Forum for Science, Industry and Business

Sponsored by:     3M 
Search our Site:

 

What has happened to the tsunami debris from Japan?

21.02.2014
Outcomes from synthesis of model and observations

The amount of debris in the ocean is growing exponentially, becoming more and more hazardous and harmful to marine life and therefore also to our ocean food source. Measuring and tracking the movements of such debris are still in their infancy. The driftage generated by the tragic 2011 tsunami in Japan gave scientists Nikolai Maximenko and Jan Hafner a unique chance to learn about the effects of the ocean and wind on floating materials as they move across the North Pacific Ocean.

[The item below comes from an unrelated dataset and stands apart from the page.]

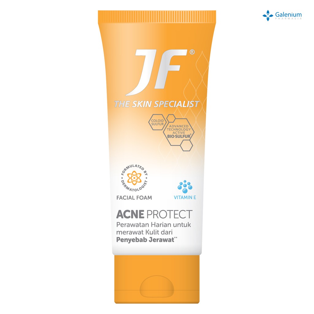 JF Acne Protect Facial Foam memiliki kandungan Active Bio Sulfur yang merupakan bahan alami untuk membantu pengangkatan sel-sel kulit mati, Jojoba sebagai moisturizer, dan Vitamin E yang membantu agar kulit tetap lembab, bersih, dan sehat.

This is an image of location of different types of tsunami driftage on Feb. 20, 2014. Orange regions show where items of high boyancy, or high windage, may be found. Dark blue to purple show regions where objects of low windage, lying low in the water may be found. The animation is at http://iprc.soest.hawaii.edu/users/hafner/PUBLIC/
TSUNAMI_DEBRIS/WINDAGE_03/ANIMATION_1/
movie_windages.gif.

Credit: Nikolai Maximenko and Jan Hafner, International Pacific Research Center, University of Hawaii

Shortly after the tsunami struck, Maximenko and Hafner used the IPRC Ocean Drift Model to predict where the debris from the tsunami would go. Their computer model is based on trajectories of real satellite-tracked drifting buoys and satellite-measured winds.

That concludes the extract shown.